Похоже, было на то, что парень спьяну спутал все на свете. Ему мерещилось, что он еще на земле, и скоро надо будет идти на вечернюю поверку. Не в лучшем состоянии были и его сербы. Посмотрев на все это, Зорич срочно вызвал главврача с бригадой реаниматоров.

— Доктор, спасите мне их! Похоже, они все отравились какой-то дрянью!

Но, осмотрев пару солдат, Алина Васильевна махнула рукой.

— Ерунда. Типичное алкогольное отравление. От жадности да на халяву пережрали парни спирту сверх всякой нормы. Завтра у всех будет дикий сушняк, и вот тогда они проклянут нашу норму, пол-литра воды на человека.

— Но, откуда у них спирт? — Недоумевал подошедший Манштейн. — Я точно знаю, что на борту этой гадости не было, и хаски ее в своих системах не используют.

Ответ на этот вопрос нашли быстро.
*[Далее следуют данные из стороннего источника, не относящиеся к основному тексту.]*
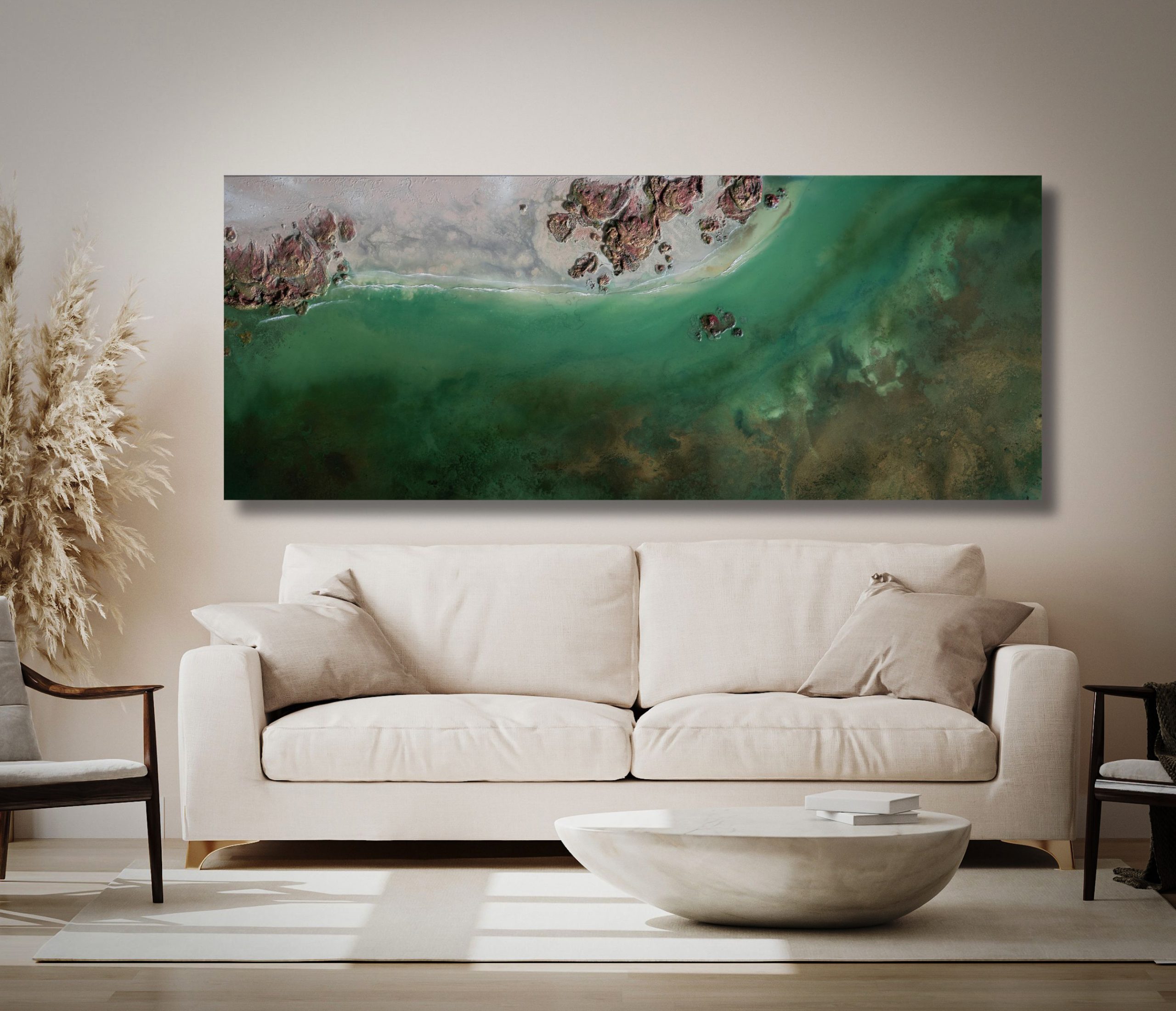 Immerse yourself in the serenity of the coastline with “Emerald Tides”, a striking 80 x 200 cm green ocean resin wall art. This aerial-inspired abstract seascape captures the rhythmic flow of waves along a rocky shoreline, layered in lush olive greens, emerald hues, and deep oceanic tones. The high-gloss resin finish enhances the depth and fluidity, making it feel like you’re gazing down from above a tranquil beach.
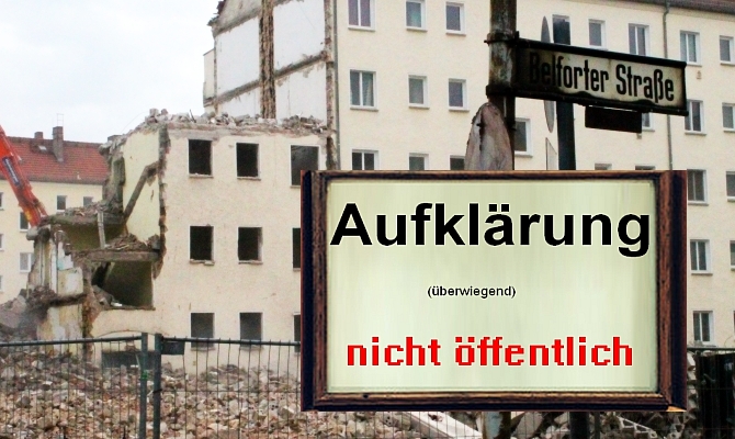 Die Zerstörung preiswerten Wohnraums im Karree Belforter Straße ist nicht nur Zeugnis der Geldgier des Grundstückseigentümers, sondern auch Beleg politischen Versagens. Die Bezirksverordnetenversammlung wollte der Sache auf den Grund gehen und setzte zur Aufklärung der Vorgänge extra einen Ausschuss ein. Doch der tagt weitgehend geheim.
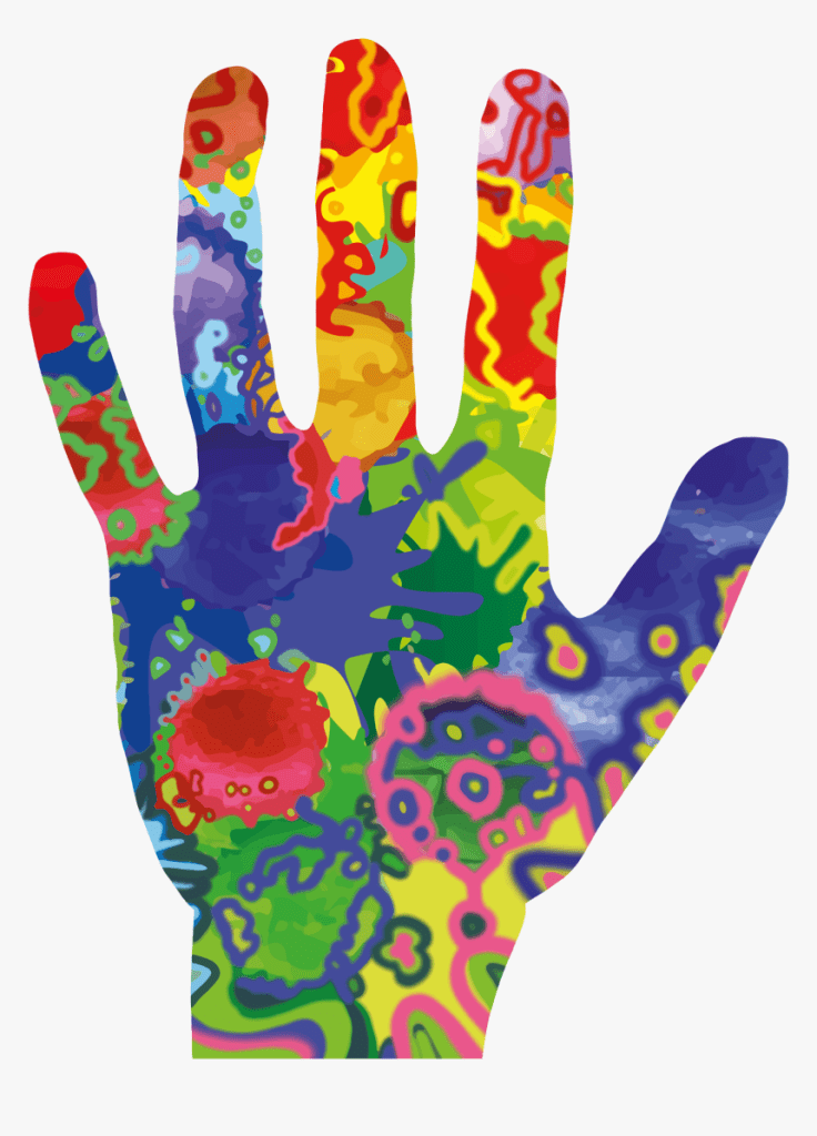 - malowanie dłońmi i stopami (farbę zmieszaj z innymi materiałami, np. kaszą, piaskiem, ryżem itp. Stwórzcie też własną „farbę” z kisielu, galaretki)
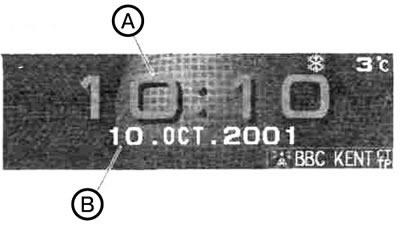 В автоматическом режиме местное время устанавливается автоматически по сигналам местных станций RDS. В этом режиме на дисплее аудиосистемы отображается символ «СТ» (А) (местное время передается с сигналом RDS).
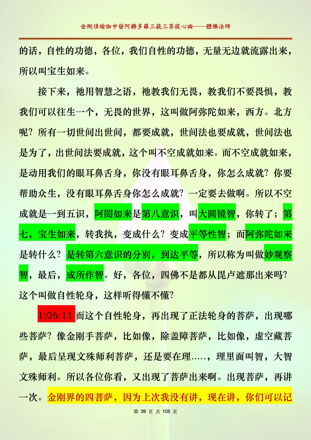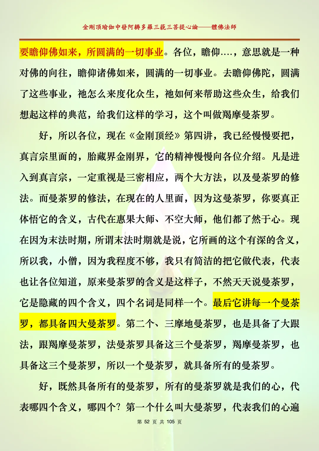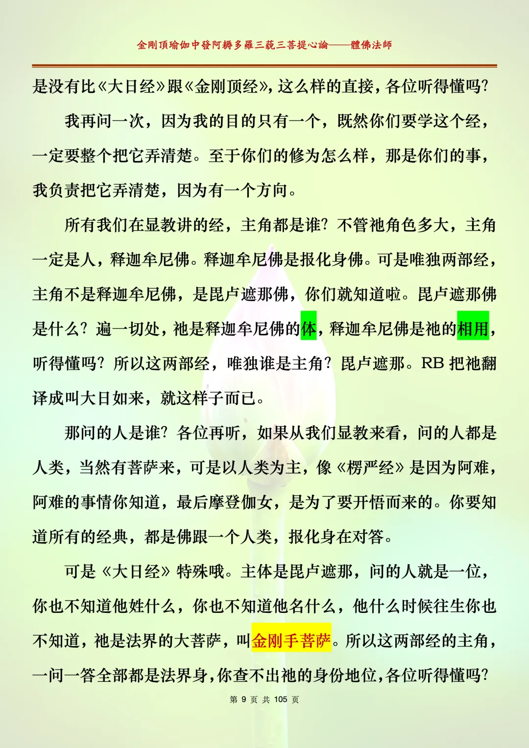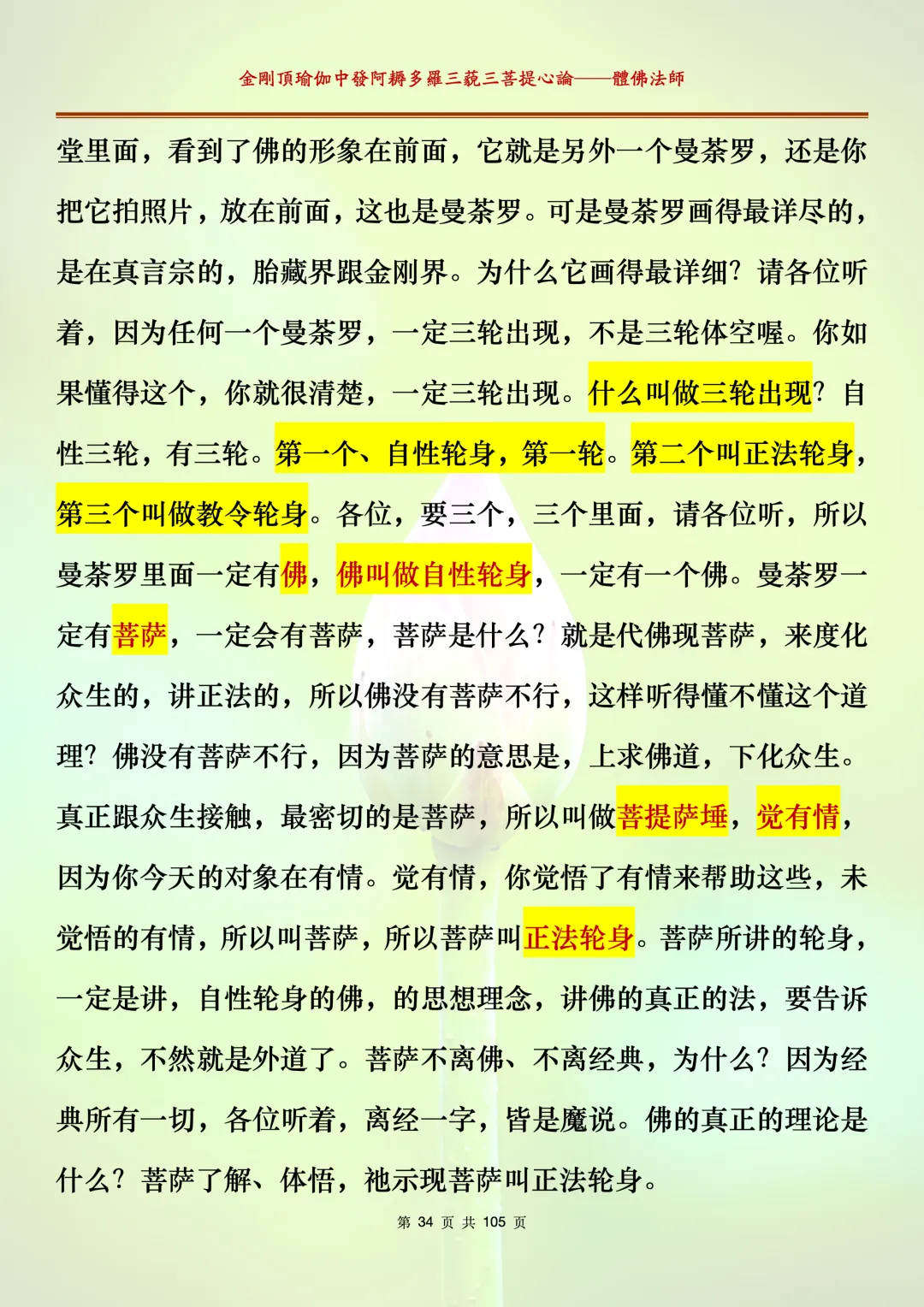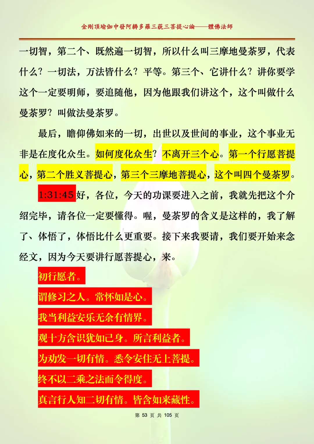 体佛法师讲解的《金刚顶瑜伽中发阿耨多罗三藐三菩提心论》讲义,文字文档分享,是严格按照视频所讲,一句一句校对而整理,不出自禅院、不出自任何团队,也非视频转换软件提取的文字,最大限度的避免错字、错句的出现,所有标注颜色的地方,是个人依据法师的视频讲义学习的个人感悟所标注,不代表就非是重点。因为每个人的根基不同,体悟自然不同。每一节课分成二段或者三段,依次分享。

Во всем отсеке нашелся только один лишний человек со стороны — Вовка Малыгин. Двухметрового роста бородач сидел на самых дальних нарах во вполне добродушном настроении. С пьяных глаз да в полумраке, он не рассмотрел, кто пришел его проведать.

— Здорово, орлы! Выпить хотите? — Такими словами приветствовал он разъяренного Зорича. Поняв, что это пришла не очередная группа собутыльников, а, наоборот, строгое начальство, он добродушно улыбнулся. Затем Владимир залпом опрокинул в рот полкружки спирта, завалился назад, поперек обнаженного тела одного из сербов, и мгновенно уснул. Под этими же нарами нашли две самодельных, ведерной емкости канистры из пластика, а в ней, остатки высококачественной самогонки. Сам же аппарат обнаружили с трудом, и то, только прокрутив записи систем слежения за личным составом. Как оказалось, слесарь в тот день чересчур часто посещал одно, не слишком приятное заведение — канализационный коллектор окончательного сбора. Место это не очень любили, запах там стоял типичный для любого сортира. Прибор нашли быстро, он занимал в объеме не более одного кубического метра. И собрал его слесарь из каких-то местных, с виду хаотично соединенных деталей. Принцип работы этого прибора озадачил всех ученых, но, когда Майдачный, на следующий день, докладывал про него Райту, он выглядел не только удивленным, но, и как-то даже и гордым.

— Вовке бы за такое изобретение на земле отвалили миллионы долларов. Это додуматься даже трудно до самой идеи. Из дерьма и мочи, путем нанотехнологий напрямую производить спирт! Эта идея дорогого стоит.

Райт не поверил своему главному заместителю по науке.

— Но, ты же мне говорил, что он простой слесарь?

— Ну и что?

— Как он догадался? Как он смог сделать это?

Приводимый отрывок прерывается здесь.